Link 树是一个很妙的东西,将若干个 Endpos 等价类做成树形结构。它有以下性质:

  • \(dep[u] = dep[fa] + 1\),因为他们代表拥有相同的后缀,但是可以继续分化(前缀不同,但是存在规模更小的、但深度更大的 Endpos 等价类)。
  • \(endpos[u] \subset endpos[fa]\),利用这个性质我们可以套路地使用线段树合并来维护具体的等价类。

SAM 的应用

求本质不同的子串个数

发现子串的表现形式在 SAM 中是唯一的、不受位置所影响(也就是不会算重复),每一条从根出发的路径都是一个唯一的子串,所以求解这个问题我们直接对 DAG 做路径计数即可。


求一个串在母串中出现的次数

我们让串在母串的 SAM 中游走到点\(p\),然后我们回顾一下 Endpos 等价类的相关信息:这样的路径和母串一一对应,所以我们只需要用\(p\)的性质来计算个数,显然答案就是\(endpos[p]\)的大小。
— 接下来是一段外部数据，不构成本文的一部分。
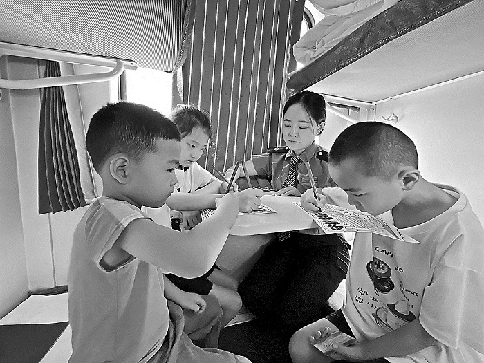 暑假結束,大量兒童乘客踏上返程,中國鐵路呼和浩特局集團有限公司包頭客運段杭州車隊開展“安全相伴,快樂‘童’行”活動。列車上,列車員孔祥瑞化身“安全導師”,耐心為小旅客講解安全知識卡片,展示鐵路安全小報,傳遞安全理念,助力兒童平安快樂出行,彰顯鐵路人的責任與溫度。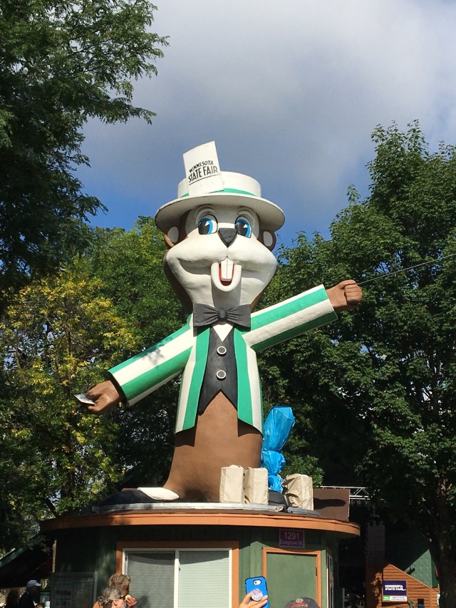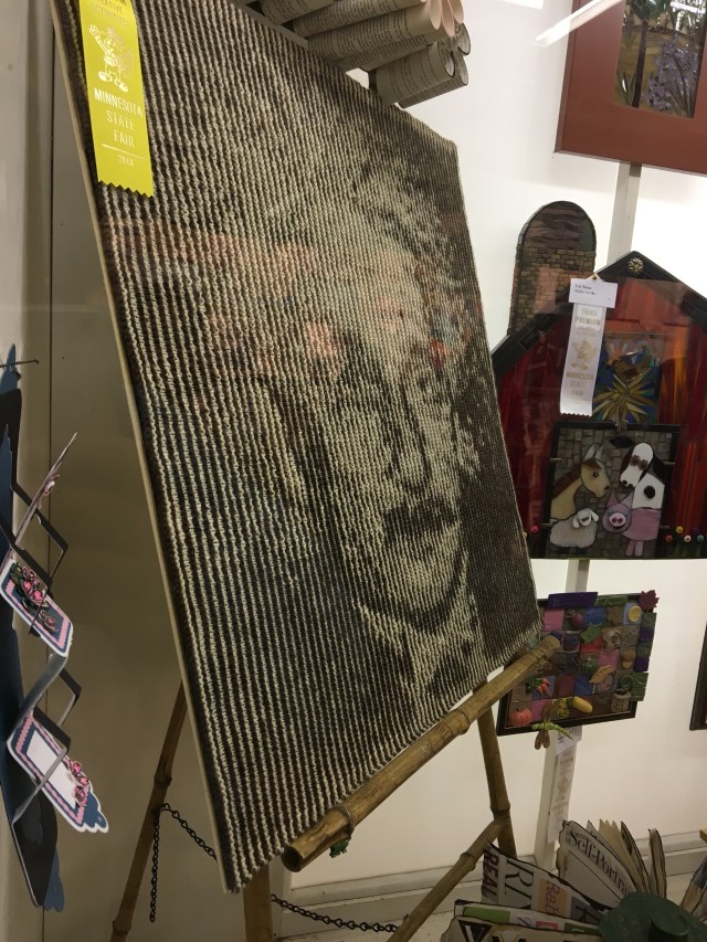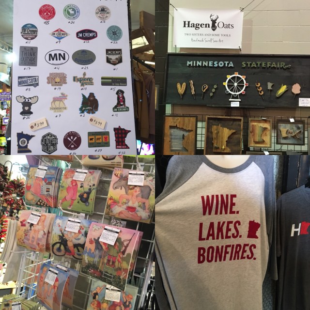 We decided to check out the Grandstand, so we walked up the ramp ( my suggestion as I wasn’t sure how well I’d navigate the steps…) and we wandered looking at all the booths that seem to be the same. There are some old standby vendors, the cooler guys, the extension cords, the Spectacle shoppe and others, but there are a bunch of new “Minnesota” vendors that, to me, seemed to have all the same merchandise, just marketed differently.

在构造初期打好标记之后,根据树形结构,我们 DFS 一遍求得大小即可。


求两个字符串的 LCP

对其中一个串建 SAM,然后暴力往上跳即可。暴力往上跳的具体操作就是像 AC 自动机一般,但是需要对串长进行注意,每一次向上跳 Link 父亲都代表着放弃一个长度的前缀,这一点和 AC 自动机并不一样。


CF1120C Compress String

这道题显然是一个 \(O(n^2)\) 的 DP。考虑设置状态\(f_i\)为到了第\(i\)为的最优代价。转移非常显然:

\[ f_i = \min \begin{cases} f_{i – 1} + A \\ f_j + b, \text{if } S[j + 1 \dots i] \subset S[1 \dots j] \end{cases} \]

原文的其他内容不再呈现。